What to do:
Below are records; the lines starting at the one with "9月27日,新人們在集體婚禮儀式現場。" and ending at the one with "Elevate your elegance" must be reproduced exactly, both included. Pictures must not appear.
============================================================
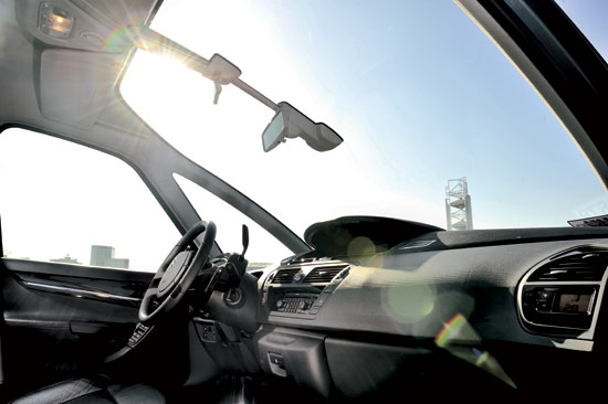 雪铁龙C4毕加索是第一款将超宽视野前风挡作为标准配置量产的车型,而这片平滑玻璃却将我们的视野增加了一倍。我们的垂直视角——就是从前风挡最低点到最高点的角度达到了70°,传统的车型都是35°,然而为了继续开拓视野,前风挡上部的车顶横梁比一般车型后移了30cm多,于是带给了我们无与伦比的宽阔视野。我突然想到,如果是夏季或者对着太阳行驶如何应对刺眼的阳光,抬头的瞬间我发现了创新的滑动式遮阳板,通过滑动它可以把C4毕加索的视野缩小到普通车辆的程度。
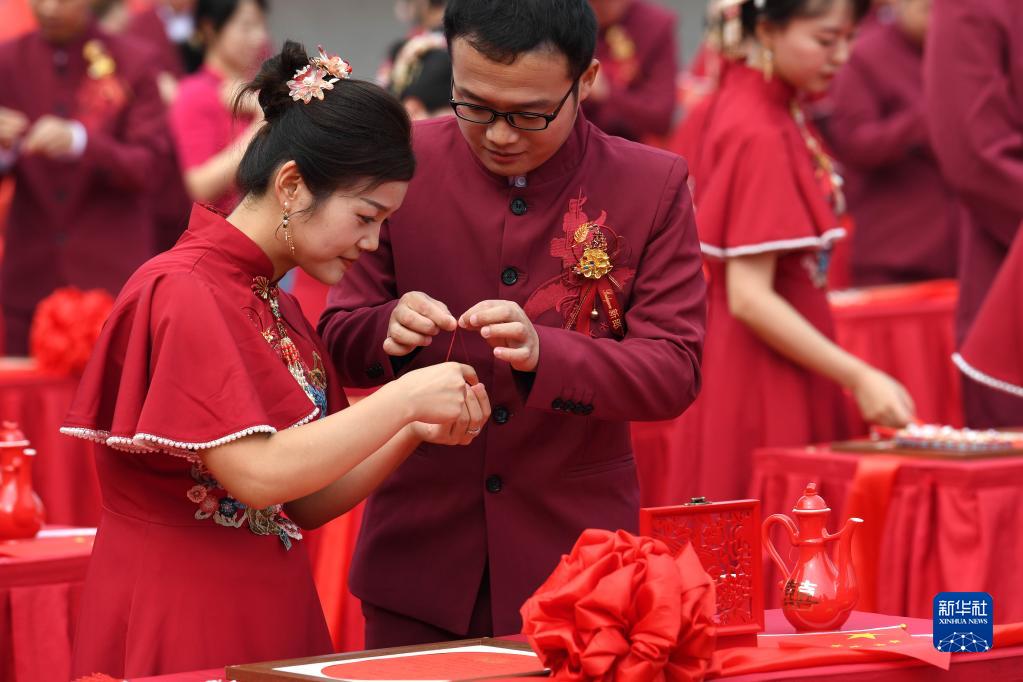 9月27日,新人們在集體婚禮儀式現場。
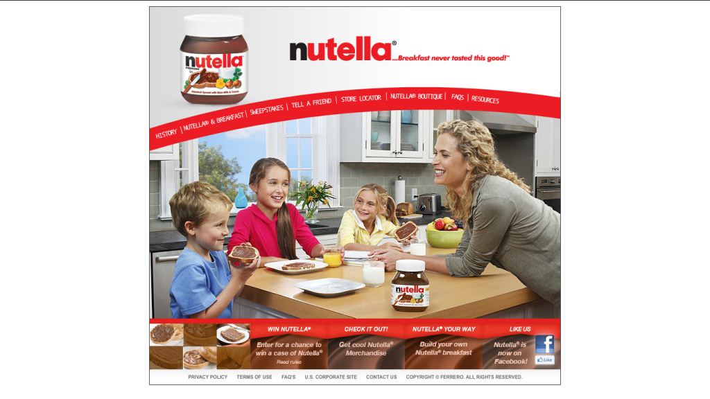 They are all smiling. Each of the children has an untouched slice of white bread with Nutella, smeared with great regularity, no closer to the edge of the bread than about an inch. Links above and clickable graphics below take you to content about the product’s history, sweepstakes, merchandise, and Facebook page.
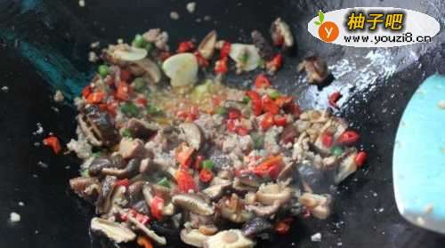 5肉沫变色以后放蒜片,红辣椒,香菇,炒3分钟左右加盐,酱油即可出锅。
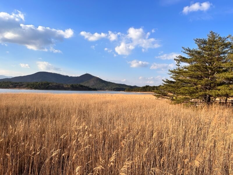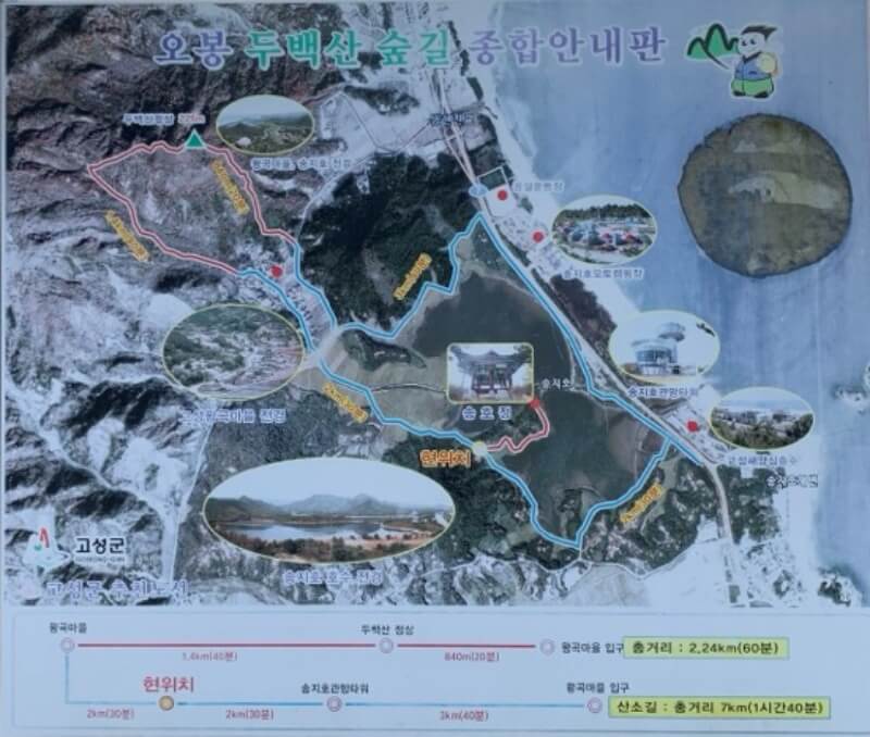 1) 송지호 : 오호항에서 조금만 더 위로 올라가면 도착하는 송지호입니다. 호수인데요, 전망대도 있고 산책로도 잘 조성되어 있어요. 호수 전체를 다 돌기에는 조금 힘드실 수도 있어요. 아래 코스 참고하셔서 그날 컨디션에 따라 코스를 짜주세요~
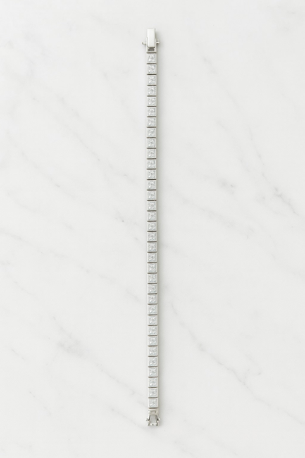 Elevate your elegance with our handcrafted Silver 925 Tennis Bracelet, featuring a continuous line of radiant square-cut zircon stones. Each high-grade zircon is meticulously set in a sleek, polished silver frame, offering a refined shimmer that captures the light with every movement.
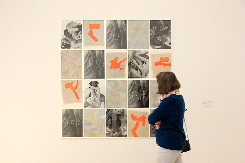Hans ARP u.a. zu sehen waren. Eine der dort gezeigten Skulpturen steht heute, fast zugewachsen, vor der Gesamtschule Uellendahl-Katernberg an der Kruppstraße in Wuppertal. Seit 1964 lebte er in Wuppertal und unterrichtete an der hiesigen Werkkunstschule, und seit 1973 an der Gesamthochschule daselbst. Seine künstlerische Entwicklung entwickelte sich von Skulptur und Grafik hin zu Aktion und Performance in der 1970er Jahren, zur Fotografie (1980er) und später zu seriellen Arbeiten. In der Ausstellung finden sich Skulpturen, Tuschezeichnungen und fotographische Kollagen aus der Sammlung des Museums, ergänzt um Werke aus dem Nachlaß. Exemplarisch für seine Fotoarbeiten kann „Liebe, Liebe, Liebe“ von 1986 gelten (Distribution II), zwanzig weiße Rahmen je 30x 40 cm als Hochformate in vier Reihen a fünf übereinander angeordnet. In diesen Rahmen wechseln zehn Schwarz- Weiß- Fotografien (ineinander verschränkte nackte weibliche Körper, ein männlicher Rückenakt Doppelbelichtung mit Aufschrift „Wut“) mit zehn Aquarellen, davon fünf mit einem orangenen Motiv und insgesamt fünf geschriebenen Wörtern: „Wut, Schande, Neid, Rache und Gewalt“. Das Verhältnis von Frau und Mann erschien Jendriztko also nicht unproblematisch. Auffällig ist bei dem Werk, daß die Aquarelle nicht exakt ihren Rahmen ausfüllen. Der Untertitel bezieht sich auf Garcia Lorca’s Theaterstück „Das Publikum“ und das Werk als solches auf den Begriff der Bildersprache. Die Fotos der nackten Frauenkörper entstanden bei seinen „Intim-Performances“, kurzen Szenen, die fotografisch festgehalten wurden und bei denen er selbst stets auch nackt posierte. Die „Teilnahmslosigkeit der Bäume“(1989) erinnert mit zahllosen kleinen Porträtfotos an Widerstandskämpfer in Italien. In den „Regelwerken“ - Fotoarbeiten mit frei erfundenen, gemalten Schriftzeichen ab ca. (1990) - greift er das Thema der Bildersprache wieder auf, wobei die Sinnfreiheit der Schriftzeichen eine verbale Kommunikation im engeren Sinne ausschließt. Er starb, nachdem Fans von Borussia Dortmund ihn im September 2009 im Hauptbahnhof Wuppertal umgerannt hatten. Sein breitgefächertes ideenreiches Werk hätte vielleicht auch einen größeren Rahmen verdient.
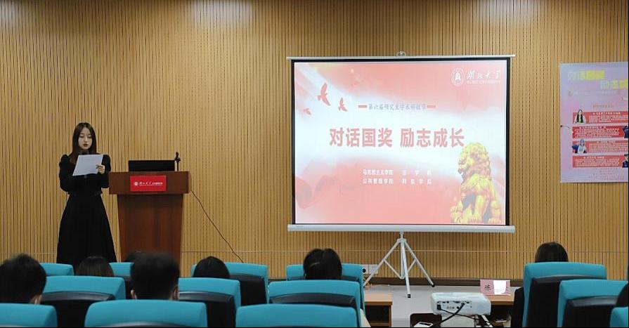 本次会议邀请了本年度国奖获得者William希尔官网入口20级博士生刘皓昱、师范公司20级研究生杨项富、公共管理公司20级研究生陈欣、法公司20级研究生宋雯莉四位同学作为分享人,公共管理公司宋庆华主持会议,部分四院研究生聆听了此次分享会。
============================================================
The answer:
 9月27日,新人們在集體婚禮儀式現場。
 They are all smiling. Each of the children has an untouched slice of white bread with Nutella, smeared with great regularity, no closer to the edge of the bread than about an inch. Links above and clickable graphics below take you to content about the product’s history, sweepstakes, merchandise, and Facebook page.
 5肉沫变色以后放蒜片,红辣椒,香菇,炒3分钟左右加盐,酱油即可出锅。
 1) 송지호 : 오호항에서 조금만 더 위로 올라가면 도착하는 송지호입니다. 호수인데요, 전망대도 있고 산책로도 잘 조성되어 있어요. 호수 전체를 다 돌기에는 조금 힘드실 수도 있어요. 아래 코스 참고하셔서 그날 컨디션에 따라 코스를 짜주세요~
 Elevate your elegance with our handcrafted Silver 925 Tennis Bracelet, featuring a continuous line of radiant square-cut zircon stones. Each high-grade zircon is meticulously set in a sleek, polished silver frame, offering a refined shimmer that captures the light with every movement.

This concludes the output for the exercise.